Hidup Berbagi

Hidup Berbagi
Gotong Royong dalam Kerja

Rabu, 15 Agustus 2012

Rendah Hati: Belajar dari Bunda Maria

Hari ini hari Rabu, tanggal 15 Agustus 2012. Umat Katolik merayakan peristiwa iman “Maria Diangkat Ke Surga” (Maria Assumpta). Gereja mengajak umat beriman untuk merenungkan perbuatan besar yang dikerjakan oleh Allah bagi Maria. Gereja percaya bahwa Allah mengangkat Maria ke surga dengan jiwa dan badan, karena peranannya yang luar biasa dalam karya penyelamatan dan penebusan Kristus.
Kebenaran iman ini dimaklumkan sebagai dogma dalam Konstitusi Apostolik Munificentissimus Deus oleh Bapa Suci Pius XII (1939-1958) pada tanggal 1 Nopember 1950. Dalam Konstitusi Apostolik itu, Bapa Suci menyatakan “Kami memaklumkan, menyatakan dan menentukannya menjadi suatu dogma wahyu ilahi: bahwa Bunda Allah yang Tak Bernoda, Perawan Maria, setelah menyelesaikan hidupnya di dunia ini, diangkat dengan badan dan jiwa ke dalam kemuliaan surgawi."

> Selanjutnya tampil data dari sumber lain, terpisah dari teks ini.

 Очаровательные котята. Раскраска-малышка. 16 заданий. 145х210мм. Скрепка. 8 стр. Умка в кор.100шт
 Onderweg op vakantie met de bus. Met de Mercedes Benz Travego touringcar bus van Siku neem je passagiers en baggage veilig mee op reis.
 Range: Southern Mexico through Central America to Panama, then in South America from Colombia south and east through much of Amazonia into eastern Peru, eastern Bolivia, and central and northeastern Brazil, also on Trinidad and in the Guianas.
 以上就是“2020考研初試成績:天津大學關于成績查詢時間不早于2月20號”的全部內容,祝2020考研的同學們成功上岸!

Sebagai salah satu dasar untuk memahami dogma tentang Maria Assumpta itu, dalam kotbahnya pada tanggal 15 Agustus 2004, Paus Yohanes II mengutip Injil Yohanes (14: 3). Dalam ayat itu, Yesus menyampaikan pesan kepada para murid-Nya pada saat Perjamuan Malam terakhir, “Apabila Aku telah pergi ke situ untuk menyediakan tempat bagimu, Aku akan datang kembali dan membawa kamu ke tempat-Ku, supaya di tempat di mana Aku berada, kamu pun berada.” Dalam diri Bunda Maria, janji Tuhan Yesus Kristus untuk menyediakan tempat tinggal di Rumah Bapa itu telah terpenuhi, ketika Bunda Maria diangkat ke surga jiwa dan raganya.

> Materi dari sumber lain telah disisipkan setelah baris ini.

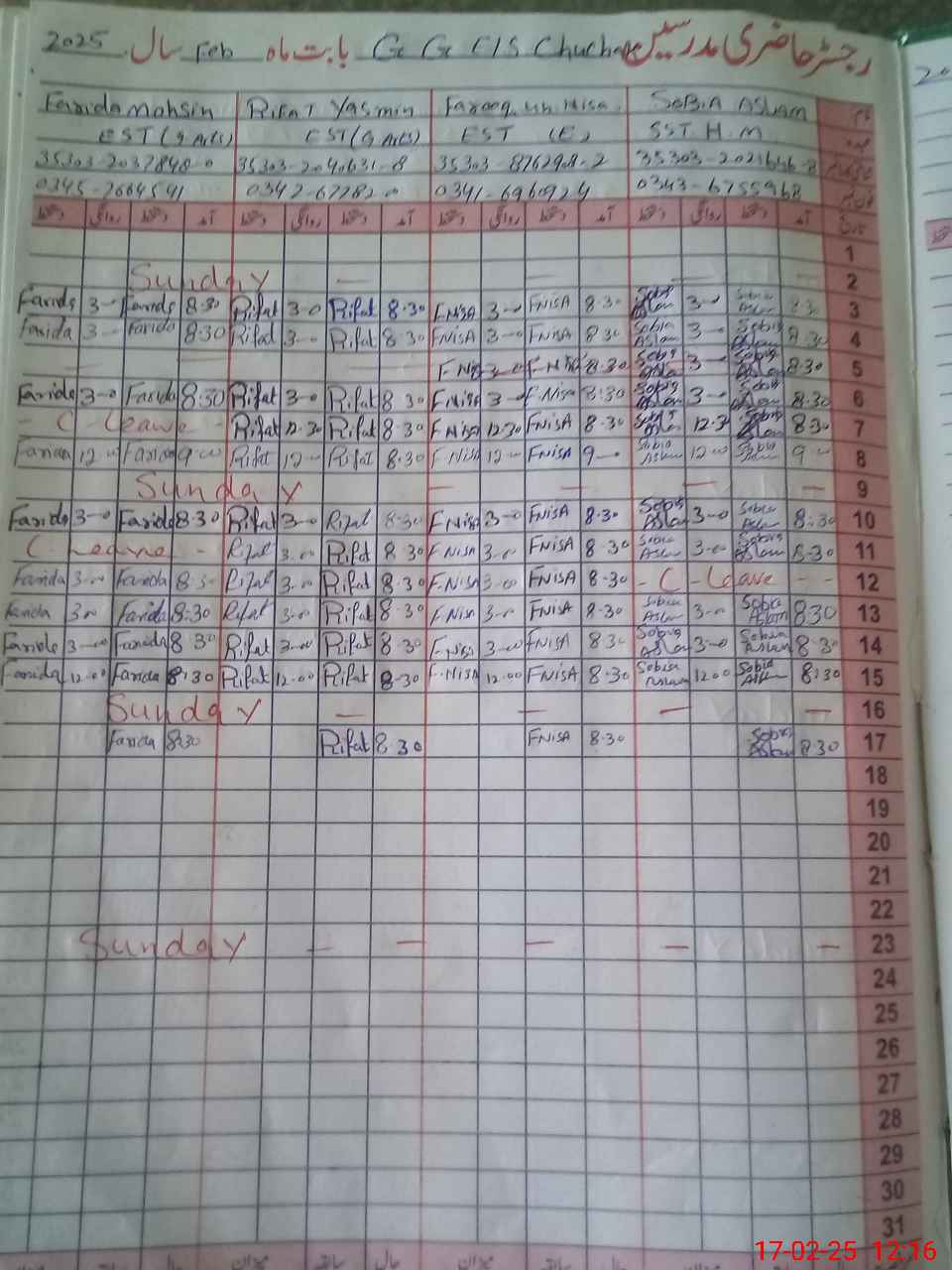 | CNIC | Full Name | Designation | R/C | Absence During Last Calender Month |
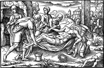 Description: Joseph of Arimathea, Mary, and Mary Magdalene prepare the body of Jesus for burial.
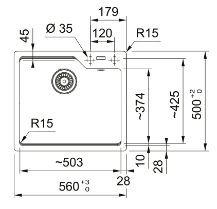 Расстояние от дна до верхней кромки чаши мойки. Оптимальная глубина — 15-18 см. Чем глубже мойка, тем меньше брызг попадет наружу.

Bapa Suci Benediktus XVI melalui Surat Apostolis “Porta Fidei” (Pintu Menuju Iman) tertanggal 11 Oktober 2011, mengumumkan bahwa Gereja di seluruh dunia akan merayakan “Tahun Iman”, yang akan dibuka pada tanggal 11 Oktober 2012 dan ditutup pada tanggal 24 Nopember 2013, persis pada hari pesta perayaan Kristus Raja Semesta Alam. Dalam anjurannya mengenai perayaan "Tahun Iman" itu, Bapa Suci mengajak umat ber­iman untuk mengenali kembali peran Bunda Maria dalam misteri keselamatan Allah, agar kita umat beriman semakin mencintai Bunda Maria dan mengikuti dia sebagai panutan hidup beriman dan berkeutamaan. Melalui Santo Alphonsus de Liguori kita dapat mengenali keutamaan-keutamaan yang dimiliki Bunda Maria. Salah satu keutamaan yang terpenting adalah keutamaan rendah hati.

Bunda Maria adalah murid pertama dan murid paling sempurna yang mem­prak­tekkan se­ga­la keutamaan. Bunda Maria adalah murid pertama yang mempraktekkan kerendahan hati, melebihi makhluk ciptaan yang lain. Seperti dinyatakan kepada Santa Matilda, keutamaan pertama yang dilatih oleh Bunda Maria dari Yesus dan dipraktek­kan adalah kerendahan hati. Efek pertama dari kerendahan hati adalah memandang diri rendah. Bunda Maria selalu memandang dirinya rendah. Meski diperkaya dengan berbagai rahmat yang jauh lebih besar, Bunda Maria tidak pernah menganggap dirinya lebih dari siapa pun. Bunda Maria memang tidak pernah memandang dirinya pendosa. Tetapi seperti dikatakan oleh Santa Theresia, ke­rendahan hati adalah kebenaran. Bunda Maria tahu bahwa dirinya telah menerima segala rahmat dari Allah, tetapi dia tidak pernah memandang dirinya lebih daripada yang lain.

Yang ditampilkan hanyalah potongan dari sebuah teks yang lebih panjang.